**EXERCISE DIRECTIONS:** For the material that follows, return exactly the lines from the one with "Ce billet de" through the one with "sauna – 6,5 m²", both ends included.
___
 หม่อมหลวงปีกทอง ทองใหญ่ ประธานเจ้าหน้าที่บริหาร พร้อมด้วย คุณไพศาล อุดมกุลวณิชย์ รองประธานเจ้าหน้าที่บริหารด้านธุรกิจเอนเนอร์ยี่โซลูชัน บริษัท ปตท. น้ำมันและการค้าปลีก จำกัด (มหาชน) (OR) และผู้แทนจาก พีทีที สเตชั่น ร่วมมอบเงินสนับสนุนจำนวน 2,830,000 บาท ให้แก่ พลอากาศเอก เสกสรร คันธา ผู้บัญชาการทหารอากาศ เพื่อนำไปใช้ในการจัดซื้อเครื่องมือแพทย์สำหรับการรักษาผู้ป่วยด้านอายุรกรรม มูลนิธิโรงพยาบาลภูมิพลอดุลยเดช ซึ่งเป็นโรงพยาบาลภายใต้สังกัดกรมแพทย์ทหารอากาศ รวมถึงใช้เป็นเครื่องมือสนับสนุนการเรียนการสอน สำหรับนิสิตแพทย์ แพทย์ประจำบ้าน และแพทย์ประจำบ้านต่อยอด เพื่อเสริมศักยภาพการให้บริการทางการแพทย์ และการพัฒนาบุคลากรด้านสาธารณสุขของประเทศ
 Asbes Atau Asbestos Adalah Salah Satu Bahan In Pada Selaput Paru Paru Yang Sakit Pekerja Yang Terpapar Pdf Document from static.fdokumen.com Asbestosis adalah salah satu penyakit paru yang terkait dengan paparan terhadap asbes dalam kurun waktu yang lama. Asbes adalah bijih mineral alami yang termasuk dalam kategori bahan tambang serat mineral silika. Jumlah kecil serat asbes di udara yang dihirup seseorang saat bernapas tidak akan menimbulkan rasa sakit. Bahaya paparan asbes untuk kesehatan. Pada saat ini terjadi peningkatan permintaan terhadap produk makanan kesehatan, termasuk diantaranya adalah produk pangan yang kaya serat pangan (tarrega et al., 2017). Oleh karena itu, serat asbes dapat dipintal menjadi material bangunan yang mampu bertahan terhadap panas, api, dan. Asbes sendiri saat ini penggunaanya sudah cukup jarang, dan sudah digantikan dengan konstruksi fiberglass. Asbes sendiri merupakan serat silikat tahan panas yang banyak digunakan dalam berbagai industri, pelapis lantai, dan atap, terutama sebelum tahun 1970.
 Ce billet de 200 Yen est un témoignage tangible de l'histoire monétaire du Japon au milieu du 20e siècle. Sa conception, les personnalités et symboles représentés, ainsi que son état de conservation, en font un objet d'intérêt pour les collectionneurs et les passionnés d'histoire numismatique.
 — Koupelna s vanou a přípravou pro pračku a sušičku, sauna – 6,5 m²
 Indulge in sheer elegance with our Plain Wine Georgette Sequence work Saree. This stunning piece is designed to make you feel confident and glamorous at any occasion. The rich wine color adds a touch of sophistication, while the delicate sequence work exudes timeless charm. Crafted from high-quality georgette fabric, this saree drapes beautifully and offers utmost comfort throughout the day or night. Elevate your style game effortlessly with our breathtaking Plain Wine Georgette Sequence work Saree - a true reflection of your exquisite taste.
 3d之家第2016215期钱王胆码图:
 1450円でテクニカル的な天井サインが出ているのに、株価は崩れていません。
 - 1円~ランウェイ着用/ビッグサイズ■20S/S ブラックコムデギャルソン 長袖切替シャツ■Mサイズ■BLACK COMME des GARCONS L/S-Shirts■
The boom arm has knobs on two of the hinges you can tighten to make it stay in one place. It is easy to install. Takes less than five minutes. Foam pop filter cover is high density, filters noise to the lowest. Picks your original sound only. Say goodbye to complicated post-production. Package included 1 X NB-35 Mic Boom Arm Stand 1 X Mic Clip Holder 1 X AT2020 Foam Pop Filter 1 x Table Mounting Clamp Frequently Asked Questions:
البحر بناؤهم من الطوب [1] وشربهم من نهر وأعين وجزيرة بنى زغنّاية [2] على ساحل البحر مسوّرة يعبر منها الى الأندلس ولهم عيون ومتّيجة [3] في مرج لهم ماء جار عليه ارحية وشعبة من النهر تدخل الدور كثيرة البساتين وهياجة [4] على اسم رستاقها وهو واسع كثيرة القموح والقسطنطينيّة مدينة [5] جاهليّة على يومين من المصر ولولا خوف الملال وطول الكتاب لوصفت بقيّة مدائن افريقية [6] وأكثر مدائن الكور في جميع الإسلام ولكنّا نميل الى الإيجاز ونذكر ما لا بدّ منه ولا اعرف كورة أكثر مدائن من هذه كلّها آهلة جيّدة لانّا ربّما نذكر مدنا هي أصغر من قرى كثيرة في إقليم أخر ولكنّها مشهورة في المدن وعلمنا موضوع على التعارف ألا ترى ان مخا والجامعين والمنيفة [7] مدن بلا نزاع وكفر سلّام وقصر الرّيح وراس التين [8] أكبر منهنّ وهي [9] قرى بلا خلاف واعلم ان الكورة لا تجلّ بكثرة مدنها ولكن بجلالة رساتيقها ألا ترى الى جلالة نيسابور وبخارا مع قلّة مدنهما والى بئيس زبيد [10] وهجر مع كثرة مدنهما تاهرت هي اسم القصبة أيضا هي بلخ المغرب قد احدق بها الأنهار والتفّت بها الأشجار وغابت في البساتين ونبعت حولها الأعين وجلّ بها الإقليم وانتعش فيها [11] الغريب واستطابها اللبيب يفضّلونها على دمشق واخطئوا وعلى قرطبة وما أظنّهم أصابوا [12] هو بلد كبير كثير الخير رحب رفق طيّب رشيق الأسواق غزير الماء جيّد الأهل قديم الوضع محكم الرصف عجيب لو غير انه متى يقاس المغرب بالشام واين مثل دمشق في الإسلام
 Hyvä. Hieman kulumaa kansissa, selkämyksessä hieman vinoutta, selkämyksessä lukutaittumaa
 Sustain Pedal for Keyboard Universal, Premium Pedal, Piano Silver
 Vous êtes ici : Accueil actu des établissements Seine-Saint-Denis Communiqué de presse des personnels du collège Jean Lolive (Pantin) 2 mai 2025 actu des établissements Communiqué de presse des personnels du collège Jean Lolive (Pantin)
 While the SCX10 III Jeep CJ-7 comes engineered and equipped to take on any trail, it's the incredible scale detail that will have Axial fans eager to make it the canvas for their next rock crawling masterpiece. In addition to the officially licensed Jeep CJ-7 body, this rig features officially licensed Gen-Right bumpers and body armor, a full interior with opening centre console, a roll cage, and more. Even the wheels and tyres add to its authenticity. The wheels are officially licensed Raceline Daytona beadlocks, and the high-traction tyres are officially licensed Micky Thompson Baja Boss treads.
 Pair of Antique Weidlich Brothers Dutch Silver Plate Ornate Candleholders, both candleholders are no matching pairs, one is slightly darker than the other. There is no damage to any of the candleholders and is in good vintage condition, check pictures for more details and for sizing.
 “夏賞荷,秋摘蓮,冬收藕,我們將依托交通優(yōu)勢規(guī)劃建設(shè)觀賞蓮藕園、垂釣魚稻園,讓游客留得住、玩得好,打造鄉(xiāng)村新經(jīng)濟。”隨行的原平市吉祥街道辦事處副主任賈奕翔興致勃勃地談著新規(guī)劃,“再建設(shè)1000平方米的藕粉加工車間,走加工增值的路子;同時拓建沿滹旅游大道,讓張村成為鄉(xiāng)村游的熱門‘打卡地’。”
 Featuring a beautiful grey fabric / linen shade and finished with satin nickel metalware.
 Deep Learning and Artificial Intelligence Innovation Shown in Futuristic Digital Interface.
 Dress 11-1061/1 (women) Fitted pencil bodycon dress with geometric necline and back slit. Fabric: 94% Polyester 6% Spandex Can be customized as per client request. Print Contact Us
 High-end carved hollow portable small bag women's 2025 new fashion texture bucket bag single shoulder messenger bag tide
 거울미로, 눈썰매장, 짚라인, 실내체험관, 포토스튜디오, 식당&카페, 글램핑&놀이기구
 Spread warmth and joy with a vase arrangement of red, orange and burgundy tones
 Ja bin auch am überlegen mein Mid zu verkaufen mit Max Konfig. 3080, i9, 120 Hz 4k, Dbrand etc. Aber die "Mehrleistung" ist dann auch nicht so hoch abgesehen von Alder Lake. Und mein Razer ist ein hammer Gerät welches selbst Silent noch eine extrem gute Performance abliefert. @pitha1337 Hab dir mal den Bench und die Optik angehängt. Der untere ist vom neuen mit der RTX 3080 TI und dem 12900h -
___
**EXERCISE ANSWER:**
 Ce billet de 200 Yen est un témoignage tangible de l'histoire monétaire du Japon au milieu du 20e siècle. Sa conception, les personnalités et symboles représentés, ainsi que son état de conservation, en font un objet d'intérêt pour les collectionneurs et les passionnés d'histoire numismatique.
 — Koupelna s vanou a přípravou pro pračku a sušičku, sauna – 6,5 m²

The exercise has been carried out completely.